All over the world, speaking English is considered a useful skill. But not for Yuna , a Malaysian singer who found her English-language skills were virtually useless as she became a top artist in her home country.
Born Yunalis Zarai in Alor Setar, Malaysia, the singer/songwriter wrote her first English song at 19 after viewing a YouTube clip of a Feist show. Performing while she attended law school, Yuna wrote mostly in English, but her Malay material proved more successful-her biggest hit, "Dan Sebenarnya," racked up millions of hits on YouTube and won a Malaysian people's choice award for best song.
"In my final year of law school, everything became real," she recalls. "Malaysian TV shows wanted me to perform big concerts. So, after graduating, I decided to go for it. I didn't think I'd be a good lawyer anyway."
While her profile skyrocketed in Malaysia in 2010, however, her English-language songs were falling on deaf ears. Though English is the second language of Malaysia, only a niche market exists for local English music. "We already have music from America," she says. "But I had at least 30 songs in English, and I didn't know what to do with them."
The solution was clear: Yuna had to travel to America.
Two years after she arrived stateside, Yuna's self-titled debut of breezy, trip-hop pop will be released April 24 on Fader Label, distributed by RED and with tracks produced by Pharrell Williams .

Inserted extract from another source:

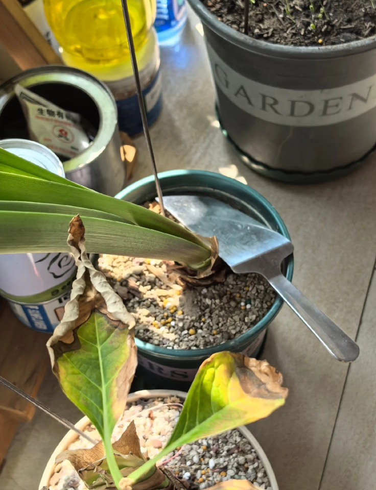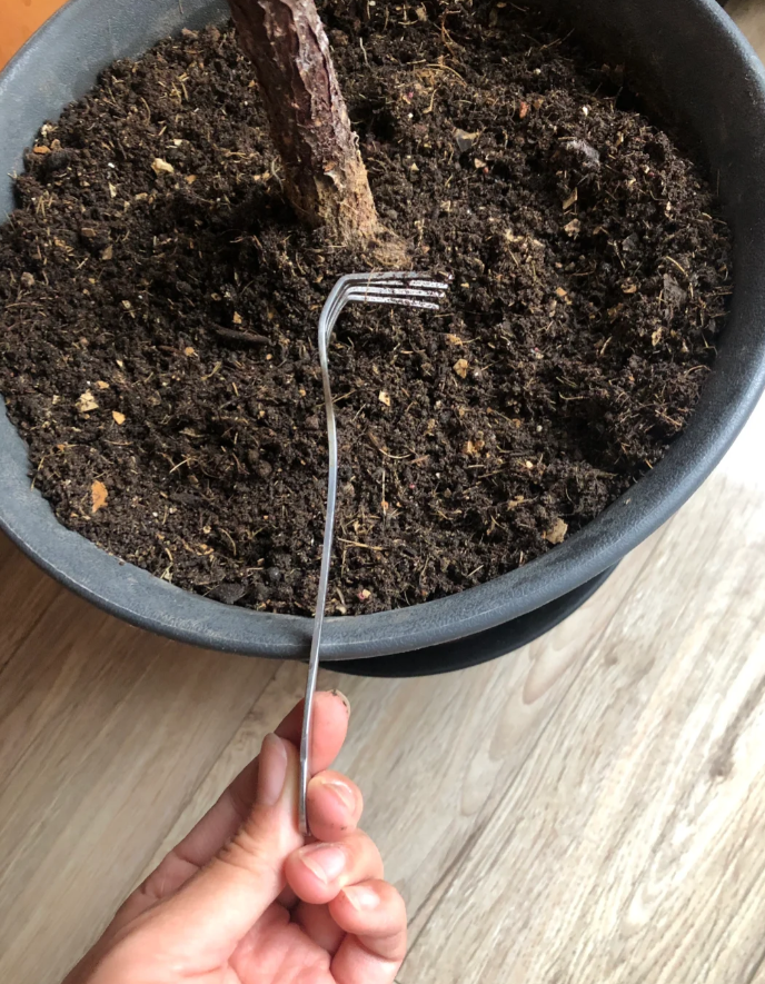 直接把蛋糕刀当“园艺工具”,给花盆里的土壤松土用。
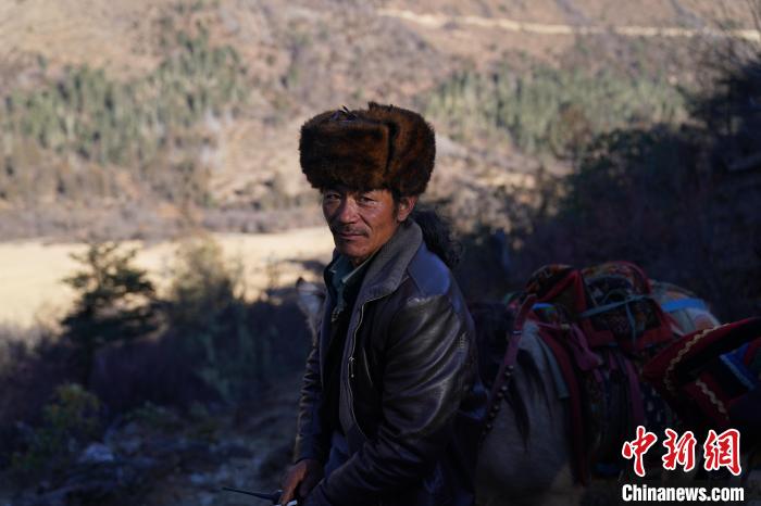 正值寒冬,丹增培楚牽著騾馬隊從香格里拉高原牧場的群山之間緩緩走來,馬幫的銅鈴發(fā)出叮叮當當?shù)臉氛隆?/p>

How did a Malaysian folk singer meet up with Williams? It started with an email. Ben Willis of management firm Indie-Pop contacted Yuna in 2009 to set up a meeting after seeing her clips online. "It was so weird," Yuna says. "I'm this kid from Malaysia, and this guy was introducing himself to me with these long emails, asking to bring me to L.A."
Yuna waited for six months before writing back. In the meantime, Willis had decided to fly to Asia and meet Yuna himself. As a result of the meeting, Yuna was compelled to fly to Los Angeles. After shopping for a label, Yuna signed with the Fader imprint in early 2011 and quickly released her Decorate EP.
"We bring a lot to our campaigns, so anything on the label gets really scrutinized," label co-founder Rob Stone says. Fader Label's roster is small but noteworthy, including such taste-making records as Matt & Kim's Grand and Neon Indian's Psychic Chasms.
While Yuna was recording her full-length album in 2011, Fader contacted Williams and asked that he spend some studio time with Yuna. Scheduled for just two days, the duo worked together for nearly a week, creating some of the album's best tracks, including the Sade-like first single, "Live Your Life."
Performing in a traditional Muslim hijab head covering, Yuna presents a global twist on the recent crop of rising female superstars, and her new music is a sonic boost from the beautiful but bare-bones "Dan Sebenarnya." "Music has to change," she says. "I don't want to stay the same forever. I can't."